Your copy of the data should match it exactly, except that the pictures are gone.

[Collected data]

▼

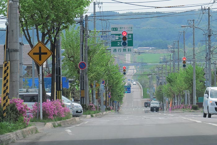 昭和通りの左は東7号線春光通りの柏陽駅方向
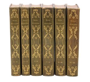 Paris, au bureau de la Revue française, 1837-1839 ; 12 tomes en 6 vol. in-8, reliures de l’époque demi-basane glacée verte, dos lisses ornés en long de motifs rocaille, tranches mouchetées. Très rare revue politique de la Monarchie de Juillet.
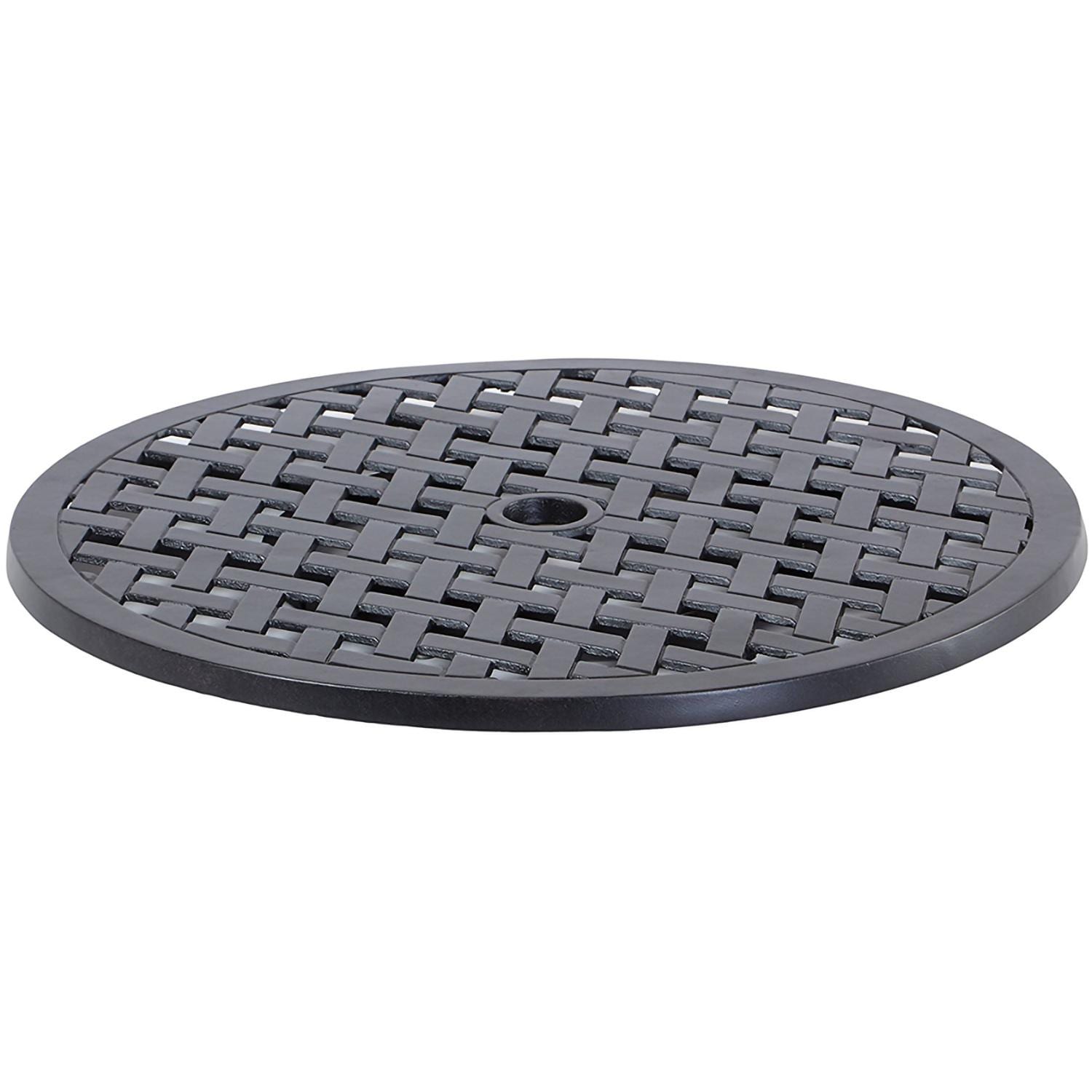 • Dining table is 100% solid cast aluminum & features a 1 3/4 inch umbrella hole
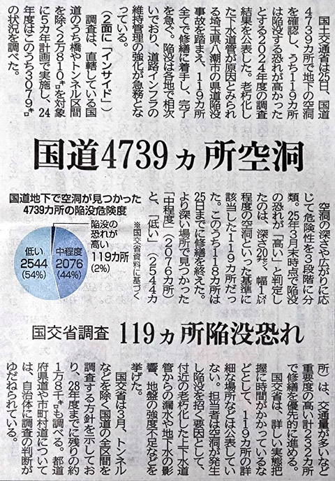 その結果、全国の国道において空洞があったのはなんと4739ヶ所。
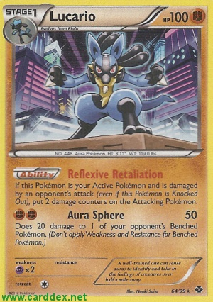 Wenn dieses Pokémon dein Aktives Pokémon ist und durch einen gegnerischen Angriff Schaden erhält (auch wenn dieses Pokémon dadurch kampfunfähig wird), lege 2 Schadensmarken auf das Angreifende Pokémon.
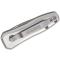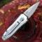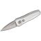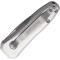 Le mécanisme d'ouverture automatique par bouton-poussoir permet un déploiement rapide et fluide de la lame. Le bouton est encastré et au même niveau que le plat du manche, servant ainsi de dispositif de sécurité pour prévenir tout déploiement accidentel. Le manche, y compris l'entretoise intégrée, est fabriqué en aluminium brut, un matériau léger et durable.
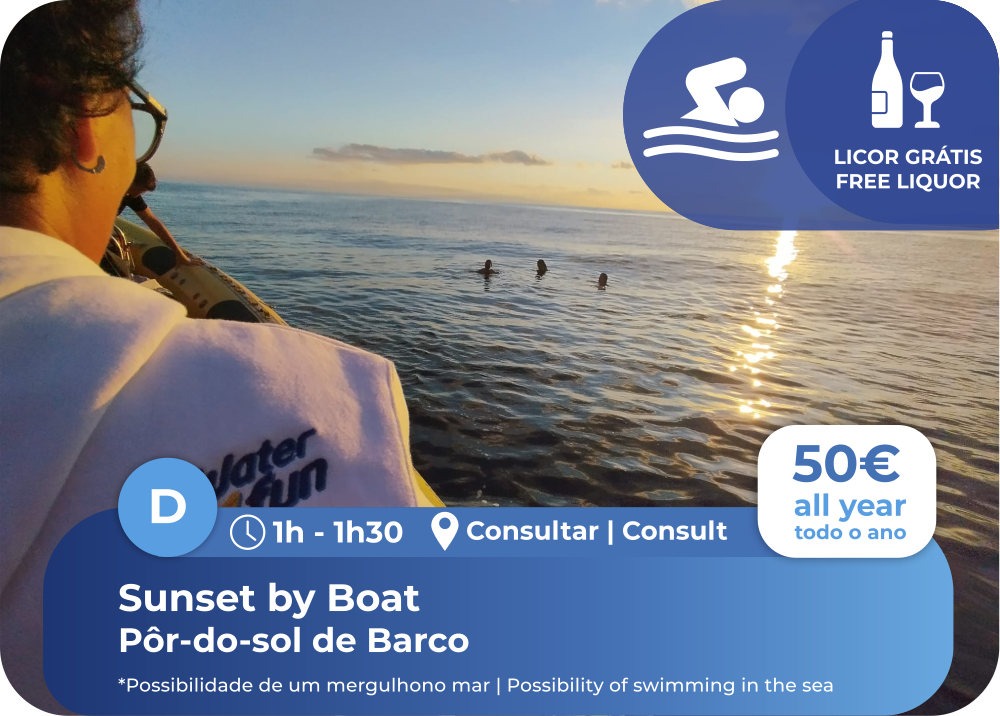 Aproveite o fim de tarde para um magnifico passeio de barco, com boa disposição abordo. Este passeio é precisamente para o casal apaixonado, para o amante da natureza, para todas as idades.
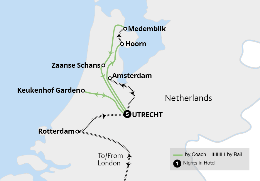Experience the joys of spring in the Netherlands on this glorious break featuring world-famous gardens, picturesque canals and windmills. Based in the attractive city of Utrecht, our holiday is packed with excursions to enchanting locations, including the stunning Keukenhof Gardens - with its swathes of multi-coloured spring flowers - a...

▲

Solved exercise
 昭和通りの左は東7号線春光通りの柏陽駅方向
 Paris, au bureau de la Revue française, 1837-1839 ; 12 tomes en 6 vol. in-8, reliures de l’époque demi-basane glacée verte, dos lisses ornés en long de motifs rocaille, tranches mouchetées. Très rare revue politique de la Monarchie de Juillet.
 • Dining table is 100% solid cast aluminum & features a 1 3/4 inch umbrella hole
 その結果、全国の国道において空洞があったのはなんと4739ヶ所。
 Wenn dieses Pokémon dein Aktives Pokémon ist und durch einen gegnerischen Angriff Schaden erhält (auch wenn dieses Pokémon dadurch kampfunfähig wird), lege 2 Schadensmarken auf das Angreifende Pokémon.
 Le mécanisme d'ouverture automatique par bouton-poussoir permet un déploiement rapide et fluide de la lame. Le bouton est encastré et au même niveau que le plat du manche, servant ainsi de dispositif de sécurité pour prévenir tout déploiement accidentel. Le manche, y compris l'entretoise intégrée, est fabriqué en aluminium brut, un matériau léger et durable.
 Aproveite o fim de tarde para um magnifico passeio de barco, com boa disposição abordo. Este passeio é precisamente para o casal apaixonado, para o amante da natureza, para todas as idades.
Experience the joys of spring in the Netherlands on this glorious break featuring world-famous gardens, picturesque canals and windmills. Based in the attractive city of Utrecht, our holiday is packed with excursions to enchanting locations, including the stunning Keukenhof Gardens - with its swathes of multi-coloured spring flowers - a...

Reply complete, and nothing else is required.